Selon l’ex-chef de la gauche plurielle, "au congrès s’est dégagée une majorité potentielle très large pour une orientation politique même si, malheureusement, elle n’a pas été concrétisée". "Il vaut mieux que le premier secrétaire soit à l’unisson de cette orientation", a-t-il ajouté.

Interrogé sur les accusations lancées par Ségolène Royal à l’encontre de ceux qui refuseraient le changement au PS, Lionel Jospin a dit : "dans le socialisme, les néo, ceux qui étaient contre les vieux et pour le neuf, n’ont pas toujours laissé de bons souvenirs".

On ne sait si M. Jospin pensait à Marcel Déat, homme politique français de l’entre-deux guerres, socialiste puis néo-socialiste, et ensuite collaborateur de l’occupant nazi.

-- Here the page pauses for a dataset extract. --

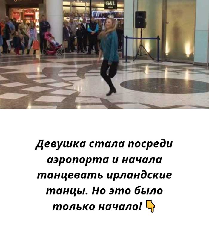 Секунды — и обычный зал аэропорта стал сценой для настоящего флешмоба. Синхронность движений, скорость, ритм и невероятная энергетика ирландского танца захватили внимание всех присутствующих. Это уже было не просто выступление, а полноценное шоу.
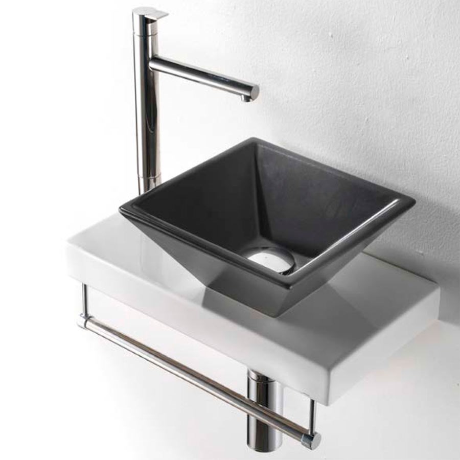 Her har du en flot lille sort håndvask til det lille badeværelse eller toilet .

A son arrivée, l’ex-Premier ministre a croisé Bertrand Delanoë, qui venait d’accomplir son devoir électoral. Les deux hommes se sont salués chaleureusement.

Le maire de Paris avait appelé lundi les militants de son courant à voter "massivement" pour Mme Aubry, ex-numéro deux du gouvernement Jospin.

Il a concédé qu’à propos de cette initiative, il y avait eu "lundi, de l’incompréhension de la part de militants qui avaient mal vécu (son) élimination" – "car je ne me suis pas retiré, j’ai été éliminé", a-t-il dit. Depuis, "le sentiment n’est pas le même", a-t-il assuré.

Pour la première fois, Bertrand Delanoë a commenté brièvement sa campagne. "Je suis quelqu’un qui, dans sa pensée et sa pratique, a un certain sens de l’innovation. Et je me suis laissé un peu enfermer dans quelque chose de plus classique", a-t-il déclaré.